In the data, find the word "entre" and copy out every line that has it.

(Data items)

|---|

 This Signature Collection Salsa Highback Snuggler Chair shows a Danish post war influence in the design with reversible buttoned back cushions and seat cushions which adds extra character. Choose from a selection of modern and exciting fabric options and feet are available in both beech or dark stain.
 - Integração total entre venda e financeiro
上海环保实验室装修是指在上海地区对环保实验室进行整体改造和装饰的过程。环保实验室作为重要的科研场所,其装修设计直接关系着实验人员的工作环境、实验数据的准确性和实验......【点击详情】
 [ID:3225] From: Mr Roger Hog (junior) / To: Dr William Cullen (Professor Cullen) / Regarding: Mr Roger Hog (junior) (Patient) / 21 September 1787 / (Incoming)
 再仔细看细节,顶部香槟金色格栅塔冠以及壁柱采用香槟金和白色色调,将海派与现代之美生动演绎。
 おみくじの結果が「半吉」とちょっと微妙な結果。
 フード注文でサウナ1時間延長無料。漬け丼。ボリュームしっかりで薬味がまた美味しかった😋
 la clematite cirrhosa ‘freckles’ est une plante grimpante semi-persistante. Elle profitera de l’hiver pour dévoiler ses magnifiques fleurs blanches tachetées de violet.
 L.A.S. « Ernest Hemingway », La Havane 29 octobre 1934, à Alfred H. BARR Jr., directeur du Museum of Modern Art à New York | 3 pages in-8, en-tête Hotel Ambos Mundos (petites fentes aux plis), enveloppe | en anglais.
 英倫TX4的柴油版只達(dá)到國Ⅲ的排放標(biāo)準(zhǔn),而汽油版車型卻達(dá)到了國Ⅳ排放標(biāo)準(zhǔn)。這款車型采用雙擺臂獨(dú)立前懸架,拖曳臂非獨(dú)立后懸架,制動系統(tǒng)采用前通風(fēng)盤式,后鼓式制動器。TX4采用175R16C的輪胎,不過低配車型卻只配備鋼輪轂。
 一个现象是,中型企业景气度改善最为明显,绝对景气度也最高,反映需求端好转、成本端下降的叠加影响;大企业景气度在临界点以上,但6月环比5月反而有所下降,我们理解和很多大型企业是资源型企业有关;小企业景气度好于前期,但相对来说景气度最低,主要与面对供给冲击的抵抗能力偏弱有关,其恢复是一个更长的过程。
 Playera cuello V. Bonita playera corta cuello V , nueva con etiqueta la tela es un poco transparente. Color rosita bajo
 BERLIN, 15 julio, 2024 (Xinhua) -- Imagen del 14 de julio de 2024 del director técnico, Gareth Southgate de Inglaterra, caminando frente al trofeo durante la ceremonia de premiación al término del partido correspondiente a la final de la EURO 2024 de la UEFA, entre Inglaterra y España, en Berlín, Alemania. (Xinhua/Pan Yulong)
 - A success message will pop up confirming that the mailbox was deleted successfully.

|---|

▸ Task solution:
 - Integração total entre venda e financeiro
 BERLIN, 15 julio, 2024 (Xinhua) -- Imagen del 14 de julio de 2024 del director técnico, Gareth Southgate de Inglaterra, caminando frente al trofeo durante la ceremonia de premiación al término del partido correspondiente a la final de la EURO 2024 de la UEFA, entre Inglaterra y España, en Berlín, Alemania. (Xinhua/Pan Yulong)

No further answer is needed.